-- About this task --
Copy each line below as written, but skip the pictures.

-- The data --
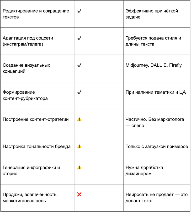 Они умеют: находить шаблоны; адаптировать стиль; ускорять рутину; тестировать формулировки; генерировать десятки вариаций, чтобы выбрать одну. Они не умеют: ставить цель; выстраивать стратегию; знать нюансы твоей ЦА;
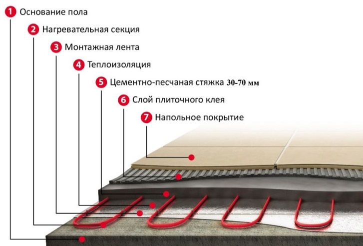 Bu ısıtma sisteminin temeli, monolitik bir çimento şap içine gömülü tek ve iki çekirdekli elektrikli ısıtma kablolarından oluşur.
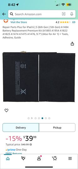 Repair Parts Plus for iPad 6 | 5 (6th Gen | 5th Gen) A1484 Battery Replacement Premium Kit (A1893 A1954 A1822 A1823 A1474 A1475 A1476, 9.7") (Also for$30Staten Island, NY

-- Response to this task --
 Они умеют: находить шаблоны; адаптировать стиль; ускорять рутину; тестировать формулировки; генерировать десятки вариаций, чтобы выбрать одну. Они не умеют: ставить цель; выстраивать стратегию; знать нюансы твоей ЦА;
 Bu ısıtma sisteminin temeli, monolitik bir çimento şap içine gömülü tek ve iki çekirdekli elektrikli ısıtma kablolarından oluşur.
 Repair Parts Plus for iPad 6 | 5 (6th Gen | 5th Gen) A1484 Battery Replacement Premium Kit (A1893 A1954 A1822 A1823 A1474 A1475 A1476, 9.7") (Also for$30Staten Island, NY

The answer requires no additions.